PS: Today saw the Xia Guan net, found that the official has launched Elastic-job-cloud! What is this stuff?! Looks very good very strong, later to look at, and strive to catch up with the footsteps of the open source great God,,,,

Some precautions to use with Elastic-job (Lite)

Contact Us

The content source of this page is from Internet, which doesn't represent Alibaba Cloud's opinion; products and services mentioned on that page don't have any relationship with Alibaba Cloud. If the content of the page makes you feel confusing, please write us an email, we will handle the problem within 5 days after receiving your email.

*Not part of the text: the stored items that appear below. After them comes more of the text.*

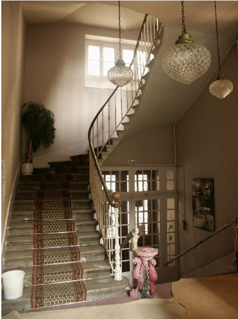
Vue de l'escalier d'honneur depuis le hall
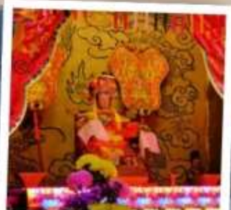
เจ้าแม่ทับทิม จอสเฮาส์เบย์
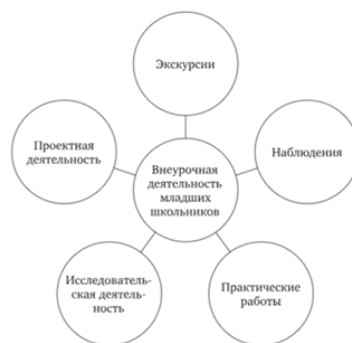
Рис. 5.3. Виды внеурочной деятельности по предмету «Окружающий мир»

22. Назовите массовые виды внеурочной работы.
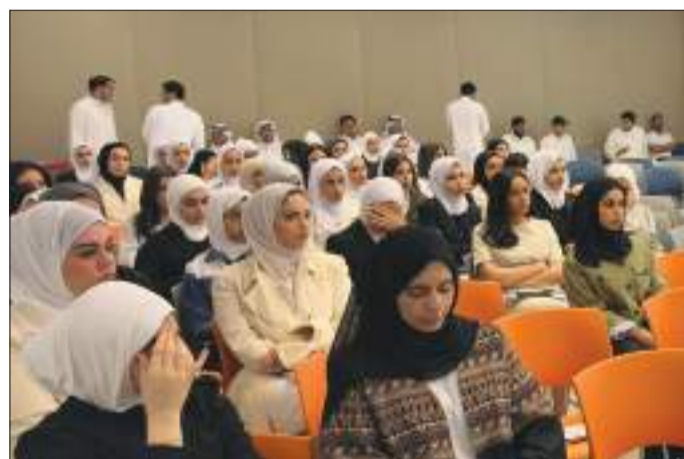
جانب من الجمهور

ويوجد بها أكثر من 70 موظفًا وكل موظف لديه مهام خاصة به، لافتاً إلى أن البداية كانت صعبة خصوصاً في عملية اختيار الموظفين لأنهم هم من يمثلون
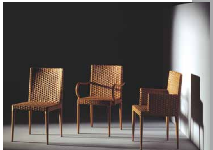
Stuhl: Tom 8420 · Stuhl: Tom 8422 · Stuhl: Tom 8424 Geflecht: Peddigrohr · Farbe: virginia

Mit exakten Proportionen unterstützt Tom das Sitzen. Das eröffnet die Flexibilität, die zum Verweilen einlädt. Und weil Sitzen eine individuelle Angelegenheit ist, kann sich Tom an Sitzvorlieben anpassen. Mit niedrigem oder hohem Rücken, mit oder ohne Armlehnen oder mit unterschiedlichen Sitzhöhen.
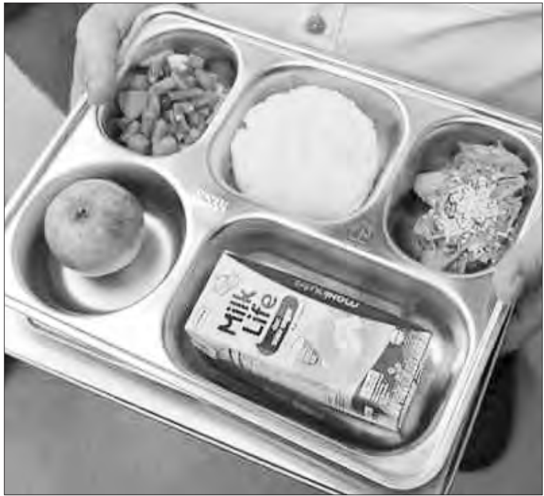
Salah satu menu Makan Bergizi Gratis yang dilengkapi susu.

JAKARTA - Badan Gizi Nasional (BGN) mengakui kewalahan dalam memenuhi kebutuhan susu untuk program Makan Bergizi Gratis (MBG). Menurut Pelaksana Tugas (Plt). Deputi Bidang Promosi dan Kerja Sama BGN, Gunalan, saat ini terdapat 29.670 dapur Satuan Pelayanan Pemenuhan Gizi (SPPG) yang beroperasi. Sementara penerima manfaat MBG mencapai 63 juta. Dengan aturan setiap SPPG wajib memberikan susu sebanyak dua kali dalam seminggu, membuat kebutuhan pasokan susu nasional meningkat tajam. Sementara, jumlah pasokan susu dalam negeri dinilai belum mampu mengimbangi kebutuhan tersebut.

If you find any instances of plagiarism from the community, please send an email to: and provide relevant evidence. A staff member will contact you within 5 working days.

A Free Trial That Lets You Build Big!

Start building with 50+ products and up to 12 months usage for Elastic Compute Service

  • Sales Support

    1 on 1 presale consultation

  • After-Sales Support

    24/7 Technical Support 6 Free Tickets per Quarter Faster Response

  • Alibaba Cloud offers highly flexible support services tailored to meet your exact needs.